Successful licensed drama serials and self-commissioned variety shows boosted user engagement and advertising revenue for its video platform during the quarter. Its payment business also saw an increased adoption of Weixin Payment for offline transactions. Its online games revenues increased by 39%, primarily driven by revenue growth from its smartphone games while revenues from social networks revenues increased by 51%. Online advertising revenues increased by 55% for Q2 2017 on y-o-y basis and media ad revenues grew by 48%. The increase mainly reflected higher traffic for Tencent Video services and news feed ads for its news products. Social and others ad revenues grew by 61%.

The CEO added, “During the second quarter of 2017, we delivered strong revenue growth from multiple businesses, which enabled us to reinvest in innovations and new technologies in an increasingly competitive industry.”

When brands shone during eclipse

While the sun decided to get eclipsed on August 21, many brands decided to create their digital communication signifying the event. Samsung created a print, social and outdoor campaign that features its new Galaxy S6 eclipsing the sun, accompanied by the line Next is all Others Eclipsed. Beer brand Corona capitalised on the event by bringing out an Instagram guide that helped one to turn its 12-pack box into a pinhole camera, through which the solar eclipse could be viewed. It also held a Corona Eclipse party in Nashville, US. Warby Parker also had a campaign in a similar vein, which was reportedly sold out of its specialty specs. Apart from counting down to the event through its website, the retailer also taught people how to make their own eyewear to watch the eclipse safely.

Volvo designed a custom eclipse viewer for 2018 XC60’s moonroof. “The development of the XC60 Panoramic Moonroof Eclipse Viewer gives those in the eclipse’s path a unique way to experience this historic event in both comfort and safety,” Bob Jacobs, vice president of marketing, product and brand communications at Volvo US, said in an official statement. Taking the advantage of the eclipse was another automobile manufacturer — Mitsubishi— which live-streamed the eclipse from Salem, Oregon, to promote its car 2018 Eclipse Cross.

McDonald’s offered its customers a chance to grab a pair of glasses with their burger in Oregon. The QSR was a certified vendor by NASA and the American Astronomical Society.

Dunkin’ Donuts unveiled an app called Moonchkins, to enable people to watch the eclipse through their phones whenever pointed at the sky, no matter where they were. Krispy Kreme sold chocolate-glazed doughnuts on August 21. The athletic apparel shop Nike curated a collection of black shoes, sweatshirts, shorts and accessories to match with the solar eclipse. “On August 21, take your look from day to night to day again in all black,” said the brand on its website.

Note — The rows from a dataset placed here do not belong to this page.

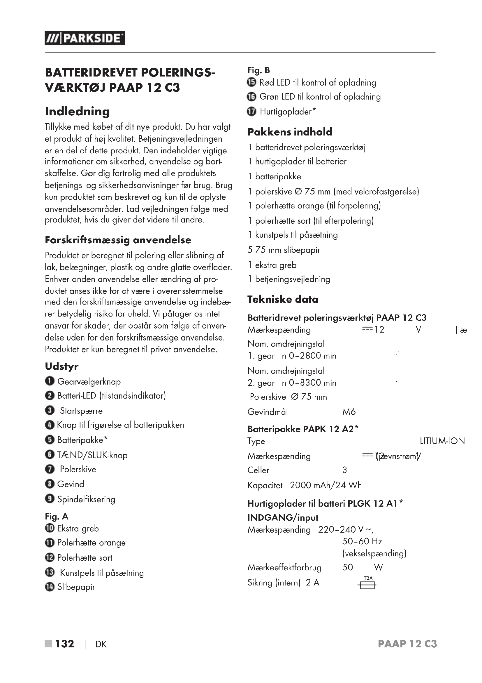 Indledning Tillykke med købet af dit nye produkt. Du har valgt et produkt af høj kvalitet. Betjeningsvejledningen er en del af dette produkt. Den indeholder vigtige informationer om sikkerhed, anvendelse og bort- skaffelse. Gør dig fortrolig med alle produktets betjenings- og sikkerhedsanvisninger før brug. Brug kun produktet som beskrevet og kun til de oplyste anvendelsesområder. Lad vejledningen følge med produktet, hvis du giver det videre til andre. Forskriftsmæssig anvendelse Produktet er beregnet til polering eller slibning af lak, belægninger, plastik og andre glatte overflader. Enhver anden anvendelse eller ændring af pro- duktet anses ikke for at være i overensstemmelse med den forskriftsmæssige anvendelse og indebæ- rer betydelig risiko for uheld. Vi påtager os intet ansvar for skader, der opstår som følge af anven- delse uden for den forskriftsmæssige anvendelse. Produktet er kun beregnet til privat anvendelse. Udstyr Gearvælgerknap Batteri-LED (tilstandsindikator) Startspærre Knap til frigørelse af batteripakken Batteripakke* TÆND/SLUK-knap Polerskive Gevind Spindelfiksering Fig. A Ekstra greb Polerhætte orange Polerhætte sort Kunstpels til påsætning Slibepapir Fig. B Rød LED til kontrol af opladning Grøn LED til kontrol af opladning Hurtigoplader* Pakkens indhold 1 batteridrevet poleringsværktøj 1 hurtigoplader til batterier 1 batteripakke 1 polerskive Ø 75 mm (med velcrofastgørelse) 1 polerhætte orange (til forpolering) 1 polerhætte sort (til efterpolering) 1 kunstpels til påsætning 5 75 mm slibepapir 1 ekstra greb 1 betjeningsvejledning Tekniske data Batteridrevet poleringsværktøj PAAP 12 C3 Mærkespænding 12 V (jævnstrøm) Nom. omdrejningstal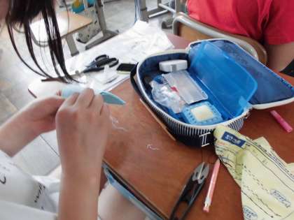 学習した裁縫セットの使い方を生かして,小物づくりにチャレンジしました。素敵な作品ができあがり,「お家の人にプレゼントする」と言っている子もいました。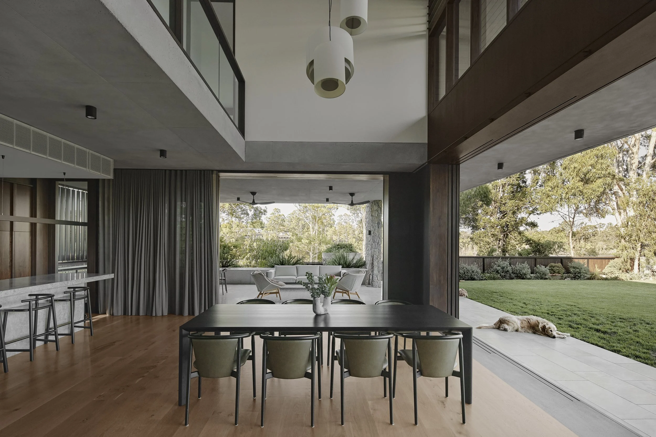 Mairwar (a Dungidau place name for the Brisbane River, meaning Platypus) is a riverfront home on a substantial block of land, affording a rare opportunity to design a family “compound” to serve the large, sporting, family. The house pushed well to the west, orientates around the large central garden and tennis court, which are elevated about the adjacent road and park, both to insulate the house from any future flooding, but also to create privacy and a sense of sanctuary at the same time. A maturing landscaping continues to adorn the house and shifts the balance from built to natural form.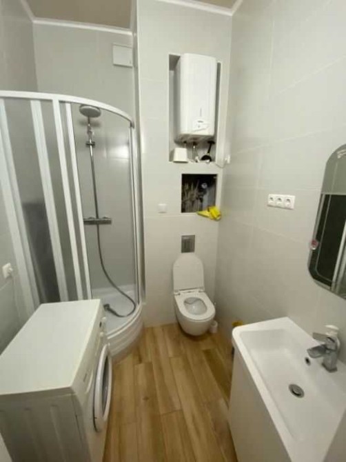 Підлога та стіни обезшумлені, з вулиці виконана теплоізоляція. Всюди екологічна штукатурка і блискуча біла фарба. Витяжний вентилятор з датчиком вологості, бойлер, пральна машина, кондиціонер, посудомийна машинка.
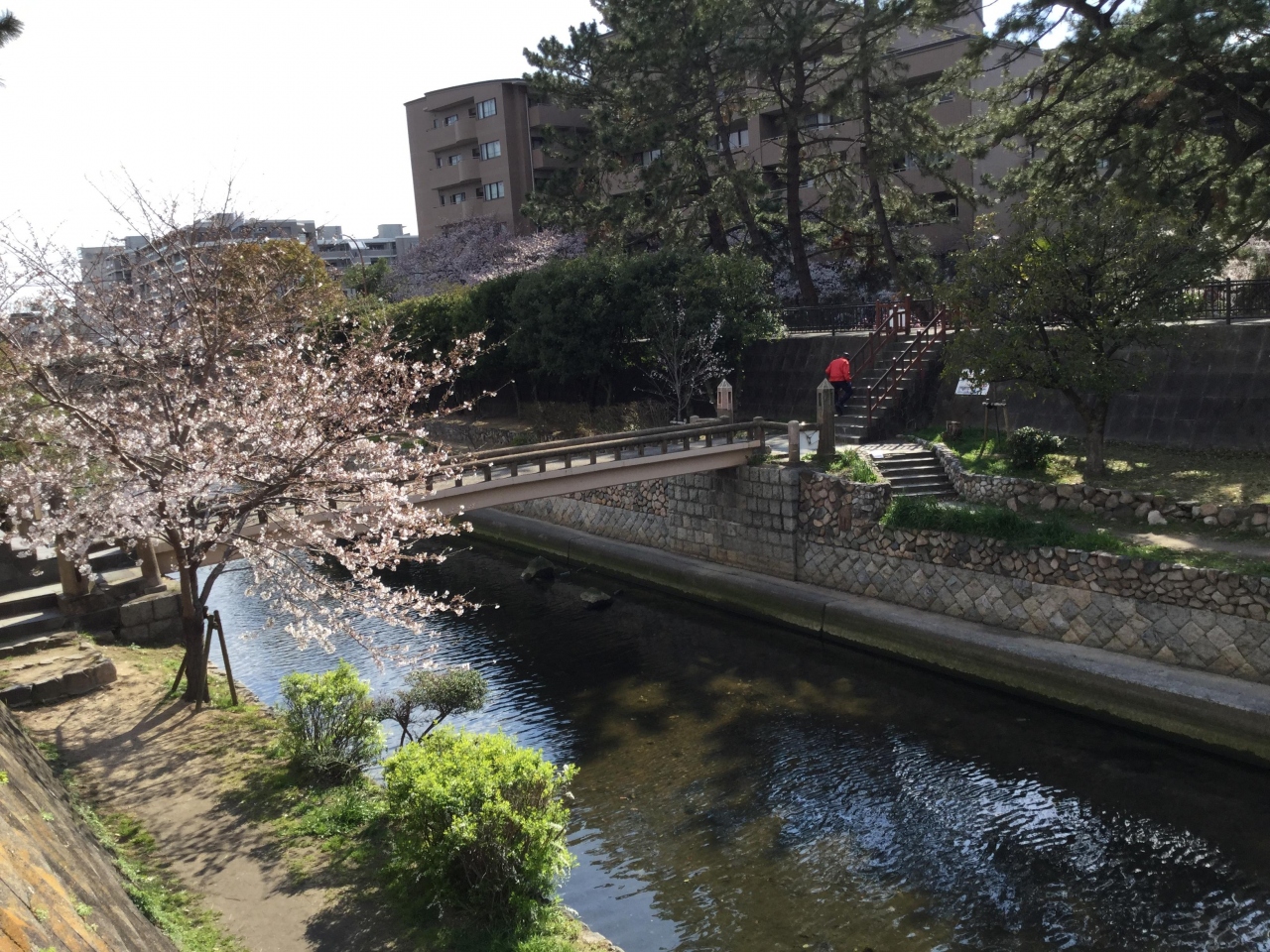兵庫県西宮の海近くから山手までの夙川沿いの続く長い道を春になると桜の薄紅色に染まります。人気の桜の名所で、電車も阪神、JR、阪急と道の途中にそれぞれ有ると言うアクセスがこんなにいい所がないと思う行きやすいのです。一番海に近い阪神電車の近くの道から少し海がわに進むと、有名な作家のゆかりの橋が有ります。ここの景色が素晴らしくて、桜に染まる橋の景色を見ていると、いつか世界の賞も有るのだと思えるのです。幼少期にこの美しい景色を見て、自身の小説にも書いた運命を持っている、そう思ってしまう程の心にしみ渡る景色です。

Amtrak, the passenger train service, took riders from Chicago on a round-trip to see the eclipse in southern Illinois and also provided patrons with free viewing glasses. The #OreoEclipse campaign saw the production of the first-ever translucent cover wrap of The Sun newspaper.

Virginia gets a new slogan

The Charlottesville Virginia incident has inspired the 1969 slogan of Virginia is for Lovers to now read Virginia is for Everyone. Created 40 years ago by The Martin Agency (formerly Martin and Woltz), the state slogan was called ‘one of the most iconic ad campaigns in the past 50 years’ by Advertising Age. In 2009, it was acknowledged as one of the top 10 tourism marketing campaigns of all time by Forbes.com. The new slogan began as a sign outside The Martin Agency’s office, and was subsequently picked up by the Virginia Tourism Corporation. It was promoted on the Tourism Board’s Instagram page with an aim to communicate a positive image of the state. The advertising agency also added the hashtag #standforlove to emphasise that Virginia is a place that welcomes all visitors despite the widely circulated images of torch-wielding white supremacists and violent clashes between protesters and counter-protesters.